Several crew members waved them away frantically as the large chopper continued its rapid descent, bucking against the turbulence.

McKinney felt her heart go into her throat as the Sikorsky quickly dropped half the distance to the helipad and slowed only ten feet or so off the deck. There was a bang as some part of the chopper hit a light mast or any of a number of objects crowding the helipad. Moments later the helicopter thumped down on the helipad, bounced slightly, and then finally came to a rest.

“Wow, you almost got part of the chopper onto the helipad.”

Foxy was busy shutting off the engines, which began to wind down. “I deserve a goddamned medal for getting it on the ship with all that turbulence.”

Odin noticed a half-dozen Caucasian men racing up a staircase toward the chopper, but they hesitated to be certain it had stopped moving. “Showtime, people.” He opened the copilot door, rapidly followed by Mooch and Smokey carrying the unconscious Ritter from the larger passenger door. Everyone else piled out, sincerely relieved to have landed.

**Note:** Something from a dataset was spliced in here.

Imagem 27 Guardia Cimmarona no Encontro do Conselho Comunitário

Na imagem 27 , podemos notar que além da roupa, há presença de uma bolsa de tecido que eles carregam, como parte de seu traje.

The lead ship crew member was a bearded, husky blond man in a neat khaki uniform and captain’s hat. He didn’t look at all happy as he noticed the unconscious Ritter being carried toward him. He shouted to be heard over chopper wash and decreasing turbofan engine noise. His English had a slight Nordic accent. “What’s wrong with him?”

Odin leaned close, pointing to the stricken man. “Medical emergency. We think it’s a stroke. Big oil executive. His wife ordered us to land.”

“She could have gotten you all killed, not to mention my crew.”

“Do you have a doctor on board?”

The captain nodded, still looking annoyed. “The second mate is a paramedic. Follow me.” He turned to the other crew members. “Get that chopper tied down before it rolls off the pad. And deploy fire hoses.”

The crewmen launched into action as Odin pulled McKinney along, following Smokey, Mooch, the inconsolable Ripper, and the ship’s captain. Ripper shrieked, grabbing for Ritter’s suit sleeve and blurting out exclamations in some language McKinney didn’t recognize-possibly Dutch or German. It amazed her how quickly Ripper could transform herself.

In a few moments the captain brought them through a hatchway into the relative quiet and calm of the ship. As they moved down a stairwell, still more crewmen of various ethnicities-Asian, Caucasian, Latino, and Filipino-crowded the hall below and helped lower the unconscious Ritter down a narrow metal gangway.

They reached a pipe- and conduit-lined corridor below, and Foxy called after Odin, “You need us or should we wait, or…?”

Odin gestured to Foxy, Evans, and now Smokey, who had fallen behind. “Is there somewhere where they can make a call to shore?”

The bearded captain called out to another, younger, clean-shaven blond man in a green jumpsuit. “Valentin, ta dem till allrummet. ” The captain turned to Odin. “He’ll take them.”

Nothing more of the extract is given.